What a drop-in solution means to us

Given my team’s experience with monitoring and observability tools in our solution, I became convinced in the value of a drop-in solution. To us, this means three things:

  1. Ease of initial installation. The tool needs to be able to be installed without needing to instrument code or include libraries.
  2. Ease of ongoing use. We’d like our teams to be able to move quickly without needing to be trained in how to instrument code to log the correct stats to the tool.
  3. Ease of interpreting results. Our engineers are smart, but they are busy and do not necessarily have the time to become DevOps experts.

For these reasons, when we first encountered Akita, we were excited that it might fulfill these drop-in requirements. Akita passively watches API traffic via an agent, which means that one should theoretically be able to drop Akita into any system without needing to change any code or include any libraries. Akita also automatically models the API traffic in order to make it so developers don’t have to put any annotations in the code—and to produce higher-level, easier-to-digest summaries of what is going on with APIs.

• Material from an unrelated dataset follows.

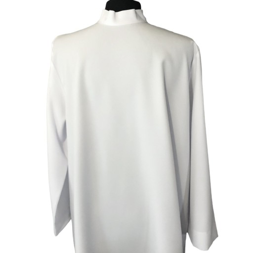 Alba lektorska z zamkiem na ramieniu. Materiał - strecz - tkanina średniej grubości, nie prześwituje, charakteryzuje się tym, że jest stabilna, ale lekko się naddaje. Tkanina jest bardzo praktyczna, nie gniecie się. Starannie odszyta, bardzo ładnie się układa.

Many tools claim to be easy to install. These last couple of months, my colleagues and I put Akita to the test.

Our Akita setup

After initially trying Akita out on test traffic, I started getting set up to try Akita in production. Because Akita works by automatically watching traffic, integration simply means running the container alongside our production containers where they can observe traffic, and there is no code to integrate. There is a tradeoff of engineering time for production resources: the overhead hasn’t been significant for us, as the Akita agent doesn’t run in the data path, but the Akita agent does have CPU and memory requirements to run.

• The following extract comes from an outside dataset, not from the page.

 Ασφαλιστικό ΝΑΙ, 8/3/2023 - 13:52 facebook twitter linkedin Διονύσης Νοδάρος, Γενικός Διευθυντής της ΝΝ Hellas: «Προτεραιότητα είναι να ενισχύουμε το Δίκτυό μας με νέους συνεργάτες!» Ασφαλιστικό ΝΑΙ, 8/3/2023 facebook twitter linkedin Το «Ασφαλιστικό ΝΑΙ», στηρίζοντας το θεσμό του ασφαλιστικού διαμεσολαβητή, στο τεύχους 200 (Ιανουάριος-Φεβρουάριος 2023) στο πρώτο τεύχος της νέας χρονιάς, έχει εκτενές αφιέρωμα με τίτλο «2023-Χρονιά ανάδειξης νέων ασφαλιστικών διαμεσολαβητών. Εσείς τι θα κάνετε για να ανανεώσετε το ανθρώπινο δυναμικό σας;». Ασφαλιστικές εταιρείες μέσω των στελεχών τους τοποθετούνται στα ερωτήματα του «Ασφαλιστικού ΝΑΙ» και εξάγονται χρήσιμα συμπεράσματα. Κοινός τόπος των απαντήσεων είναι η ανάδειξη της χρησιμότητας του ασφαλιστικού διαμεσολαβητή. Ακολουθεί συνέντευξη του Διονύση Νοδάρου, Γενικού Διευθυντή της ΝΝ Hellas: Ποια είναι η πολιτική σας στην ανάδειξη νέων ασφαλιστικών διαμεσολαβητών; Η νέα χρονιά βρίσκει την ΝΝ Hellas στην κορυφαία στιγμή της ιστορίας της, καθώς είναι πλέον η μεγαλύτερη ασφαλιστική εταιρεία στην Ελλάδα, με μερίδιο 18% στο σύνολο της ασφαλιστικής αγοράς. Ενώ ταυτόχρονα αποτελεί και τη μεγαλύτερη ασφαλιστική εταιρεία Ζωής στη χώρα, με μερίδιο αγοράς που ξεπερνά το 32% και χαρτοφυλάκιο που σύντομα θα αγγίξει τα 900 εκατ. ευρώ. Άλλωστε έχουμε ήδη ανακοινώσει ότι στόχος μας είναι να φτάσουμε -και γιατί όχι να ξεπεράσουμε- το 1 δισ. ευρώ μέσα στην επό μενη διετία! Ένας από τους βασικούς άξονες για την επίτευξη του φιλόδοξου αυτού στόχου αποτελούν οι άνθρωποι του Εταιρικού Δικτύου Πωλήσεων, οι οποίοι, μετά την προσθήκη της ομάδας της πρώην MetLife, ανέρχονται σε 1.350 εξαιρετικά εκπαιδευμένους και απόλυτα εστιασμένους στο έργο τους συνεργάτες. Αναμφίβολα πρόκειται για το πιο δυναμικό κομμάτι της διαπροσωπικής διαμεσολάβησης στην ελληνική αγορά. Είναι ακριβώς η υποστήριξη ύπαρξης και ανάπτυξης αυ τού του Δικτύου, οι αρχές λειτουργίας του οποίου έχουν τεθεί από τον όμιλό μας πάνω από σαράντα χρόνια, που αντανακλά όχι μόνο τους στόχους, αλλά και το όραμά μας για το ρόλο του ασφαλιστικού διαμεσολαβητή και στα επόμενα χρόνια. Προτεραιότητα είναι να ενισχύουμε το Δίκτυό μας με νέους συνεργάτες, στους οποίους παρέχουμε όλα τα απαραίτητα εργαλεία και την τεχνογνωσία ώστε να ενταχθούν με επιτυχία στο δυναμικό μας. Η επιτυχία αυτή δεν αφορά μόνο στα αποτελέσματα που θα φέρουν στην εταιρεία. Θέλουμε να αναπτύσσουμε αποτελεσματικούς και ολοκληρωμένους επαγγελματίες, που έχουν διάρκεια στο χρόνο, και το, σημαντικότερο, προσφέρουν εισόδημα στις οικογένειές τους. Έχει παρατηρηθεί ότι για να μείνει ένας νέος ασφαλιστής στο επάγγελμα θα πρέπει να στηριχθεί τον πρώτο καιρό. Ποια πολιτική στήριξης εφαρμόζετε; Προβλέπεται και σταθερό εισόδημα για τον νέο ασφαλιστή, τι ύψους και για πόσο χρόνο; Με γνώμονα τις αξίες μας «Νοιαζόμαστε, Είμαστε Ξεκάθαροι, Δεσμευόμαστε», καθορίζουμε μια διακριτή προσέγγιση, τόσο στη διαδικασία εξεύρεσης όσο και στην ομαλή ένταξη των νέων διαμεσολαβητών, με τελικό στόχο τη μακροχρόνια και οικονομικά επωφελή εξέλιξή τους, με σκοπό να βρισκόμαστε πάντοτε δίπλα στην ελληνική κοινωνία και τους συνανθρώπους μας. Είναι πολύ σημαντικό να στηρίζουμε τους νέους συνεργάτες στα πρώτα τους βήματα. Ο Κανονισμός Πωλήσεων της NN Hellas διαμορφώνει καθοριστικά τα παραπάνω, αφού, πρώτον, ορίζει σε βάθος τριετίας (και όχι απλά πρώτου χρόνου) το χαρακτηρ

Here’s how our production deployment works. Our canary takes on about a one hundredth of production traffic, and because Flickr is at scale that's still plenty to get a good sampling of traffic. Traffic is split randomly across the production and canary clusters, making the canary for all intents and purposes a normal production environment. Deploys hit the canary first so if things go sideways there we can respond before widespread user impact. Our goal was to run Akita on canary deployments to get a quick overview of our deploys.  

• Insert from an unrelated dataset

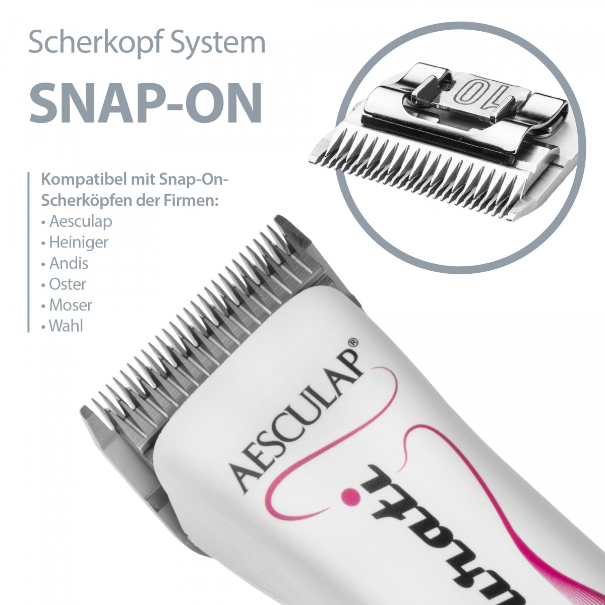 Auf die Durati Speed passen alle SnapOn Scherköpfe von Herstellern wie Aesculap, Heiniger, Wahl, Oster, Moser und Andis.

To set up Akita, most of the bottlenecks turned out to be administrative rather than technical. 

This almost feels anticlimactic (and it should; that's the whole point!) but after the plugin was written and we showed that we could get useful specifications, this is what happened on our side:

  1. My colleague Nick Scheiblauer wrote a project requirements doc detailing the work and the potential risks and rewards.
  2. Thus commenced a lot of meetings.
  3. Integrating Akita was simply a matter of following the instructions, along with  a minor refactor of our config to factor out canary from production.
  4. We spent a couple of weeks adjusting Akita’s rate limiting to meet scale demands.

DONE.

One of our major takeaways here is that adding a container to the environment is a lot less effort than instrumenting endless amounts of code. As I mentioned, AWS X-Ray did not have a PHP solution when we adopted it, so we needed to cobble together our own solution. Akita was a lot more straightforward than that. In practice, because teams are often a mix of application developers and systems engineers, any task that can be entirely done by a systems engineer is intrinsically easier than a task requiring a handoff. One person doing something within their wheelhouse is fast: and that's how the Akita integration went down.

Now that it's integrated, it's clear how valuable this technique is. We’ve already gotten benefit out of Akita’s continuously generated API maps and it’s been helping us modernize our architecture. The best part is that API maps and per-endpoint metrics stay up-to-date as we add new code, without us having to do anything.

Flickr's API model page with Akita.
Flickr's Metrics and Errors page with Akita.

Engineering availability is the most difficult constraint to overcome, even on large teams. A tool that makes engineers more effective, but costs a ton of engineering time to set up, can be really self-defeating. Yeah, it could be worth it in the long run. But the short run matters too!